Instructions for the task :: From the material below, copy exactly the lines beginning with the one that contains "Using a Multimeter, Check" and ending with the one that contains "放风筝是大家喜爱的一种运动,星期天的上午"; the pictures stay out.

Records to process ::
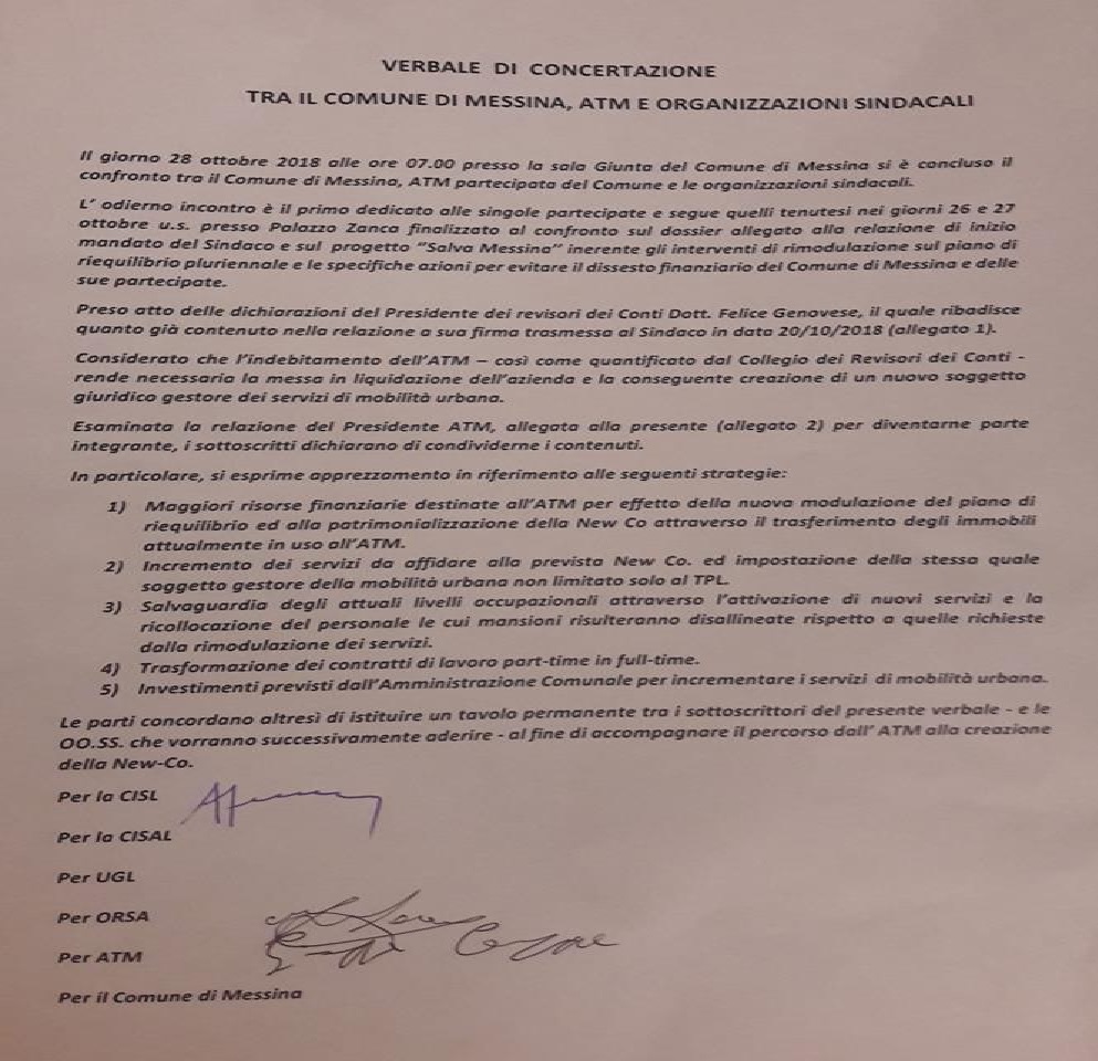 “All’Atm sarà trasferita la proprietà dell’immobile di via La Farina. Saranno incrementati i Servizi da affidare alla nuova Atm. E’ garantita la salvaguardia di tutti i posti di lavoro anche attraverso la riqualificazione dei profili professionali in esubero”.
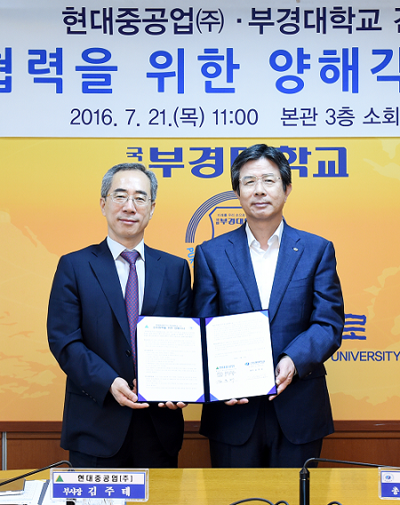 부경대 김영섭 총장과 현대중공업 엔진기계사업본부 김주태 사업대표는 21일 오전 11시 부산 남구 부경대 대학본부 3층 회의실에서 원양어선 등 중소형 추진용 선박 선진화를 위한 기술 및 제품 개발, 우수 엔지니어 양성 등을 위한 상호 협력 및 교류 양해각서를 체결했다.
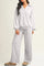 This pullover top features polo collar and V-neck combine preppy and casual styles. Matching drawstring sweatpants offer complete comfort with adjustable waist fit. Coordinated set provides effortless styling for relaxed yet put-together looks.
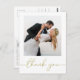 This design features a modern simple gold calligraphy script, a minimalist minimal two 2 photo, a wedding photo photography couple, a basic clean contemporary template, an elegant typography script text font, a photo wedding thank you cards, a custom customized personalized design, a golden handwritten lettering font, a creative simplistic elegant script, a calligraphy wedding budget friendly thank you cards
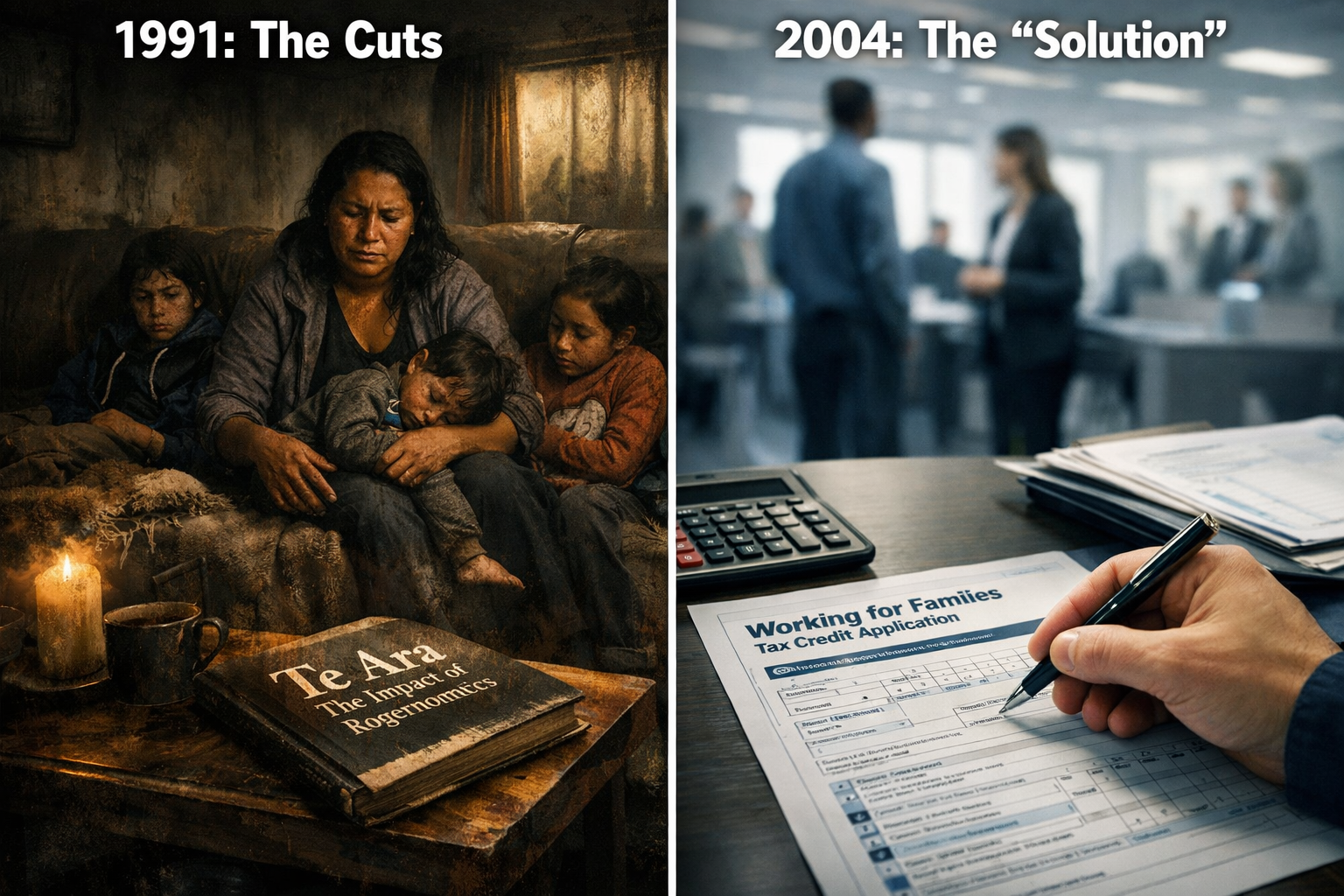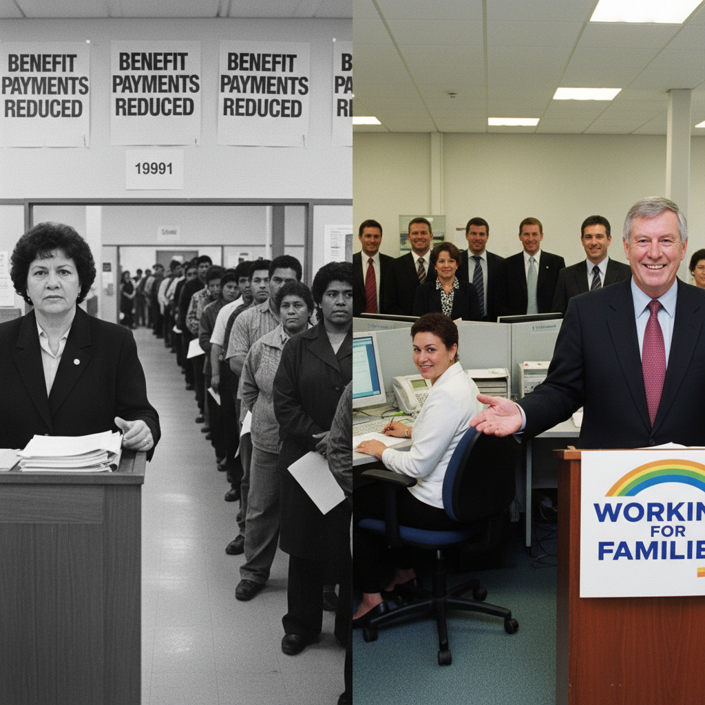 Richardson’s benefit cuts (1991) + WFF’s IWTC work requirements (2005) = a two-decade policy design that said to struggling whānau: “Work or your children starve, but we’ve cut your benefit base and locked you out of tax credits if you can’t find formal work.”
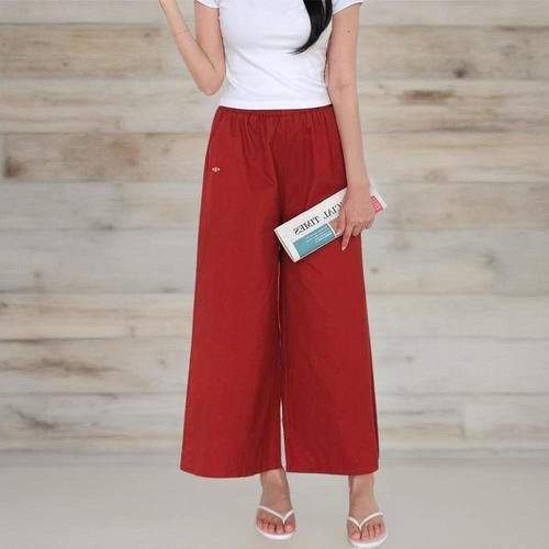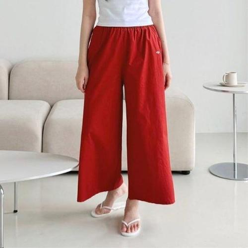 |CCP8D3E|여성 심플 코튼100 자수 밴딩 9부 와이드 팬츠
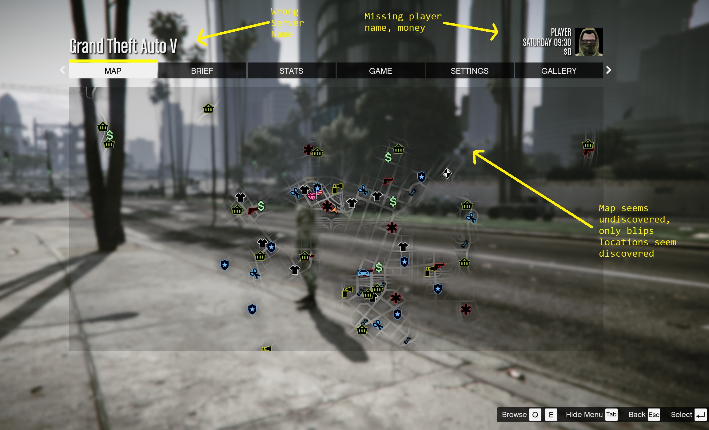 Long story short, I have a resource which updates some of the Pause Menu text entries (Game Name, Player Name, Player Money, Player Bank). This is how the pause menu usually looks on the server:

...

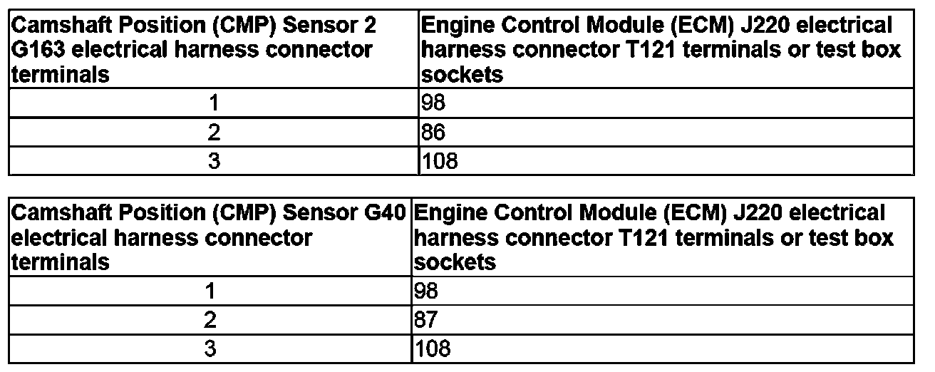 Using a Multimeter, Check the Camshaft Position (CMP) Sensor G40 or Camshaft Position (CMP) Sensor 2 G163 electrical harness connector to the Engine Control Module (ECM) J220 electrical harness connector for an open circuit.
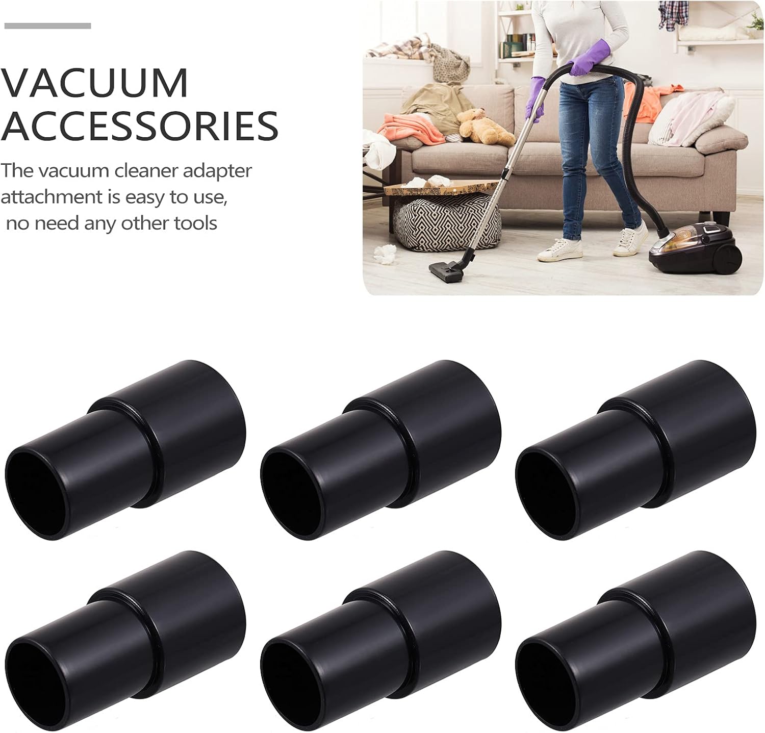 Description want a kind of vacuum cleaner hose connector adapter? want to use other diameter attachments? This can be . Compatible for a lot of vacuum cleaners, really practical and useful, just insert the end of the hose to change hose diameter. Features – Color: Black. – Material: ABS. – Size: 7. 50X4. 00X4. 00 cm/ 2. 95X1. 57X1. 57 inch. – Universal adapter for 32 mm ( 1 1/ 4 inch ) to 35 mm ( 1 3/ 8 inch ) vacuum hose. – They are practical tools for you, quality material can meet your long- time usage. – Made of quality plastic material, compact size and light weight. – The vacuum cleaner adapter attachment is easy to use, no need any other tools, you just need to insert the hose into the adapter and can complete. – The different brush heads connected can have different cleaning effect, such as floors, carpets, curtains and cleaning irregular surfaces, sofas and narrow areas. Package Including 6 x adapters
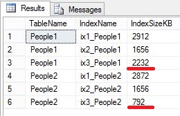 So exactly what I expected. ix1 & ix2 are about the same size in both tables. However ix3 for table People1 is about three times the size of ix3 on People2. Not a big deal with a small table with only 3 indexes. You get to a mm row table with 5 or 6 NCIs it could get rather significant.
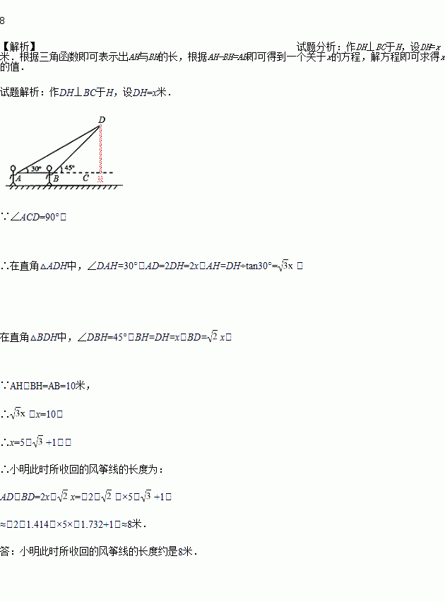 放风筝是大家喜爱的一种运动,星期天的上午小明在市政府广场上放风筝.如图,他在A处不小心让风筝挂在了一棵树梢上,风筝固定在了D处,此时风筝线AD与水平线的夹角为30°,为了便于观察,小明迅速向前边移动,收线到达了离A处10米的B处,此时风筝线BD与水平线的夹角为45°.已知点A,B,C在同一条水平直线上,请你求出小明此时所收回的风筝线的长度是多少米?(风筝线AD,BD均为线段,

Exercise result ::
 Using a Multimeter, Check the Camshaft Position (CMP) Sensor G40 or Camshaft Position (CMP) Sensor 2 G163 electrical harness connector to the Engine Control Module (ECM) J220 electrical harness connector for an open circuit.
 Description want a kind of vacuum cleaner hose connector adapter? want to use other diameter attachments? This can be . Compatible for a lot of vacuum cleaners, really practical and useful, just insert the end of the hose to change hose diameter. Features – Color: Black. – Material: ABS. – Size: 7. 50X4. 00X4. 00 cm/ 2. 95X1. 57X1. 57 inch. – Universal adapter for 32 mm ( 1 1/ 4 inch ) to 35 mm ( 1 3/ 8 inch ) vacuum hose. – They are practical tools for you, quality material can meet your long- time usage. – Made of quality plastic material, compact size and light weight. – The vacuum cleaner adapter attachment is easy to use, no need any other tools, you just need to insert the hose into the adapter and can complete. – The different brush heads connected can have different cleaning effect, such as floors, carpets, curtains and cleaning irregular surfaces, sofas and narrow areas. Package Including 6 x adapters
 So exactly what I expected. ix1 & ix2 are about the same size in both tables. However ix3 for table People1 is about three times the size of ix3 on People2. Not a big deal with a small table with only 3 indexes. You get to a mm row table with 5 or 6 NCIs it could get rather significant.
 放风筝是大家喜爱的一种运动,星期天的上午小明在市政府广场上放风筝.如图,他在A处不小心让风筝挂在了一棵树梢上,风筝固定在了D处,此时风筝线AD与水平线的夹角为30°,为了便于观察,小明迅速向前边移动,收线到达了离A处10米的B处,此时风筝线BD与水平线的夹角为45°.已知点A,B,C在同一条水平直线上,请你求出小明此时所收回的风筝线的长度是多少米?(风筝线AD,BD均为线段,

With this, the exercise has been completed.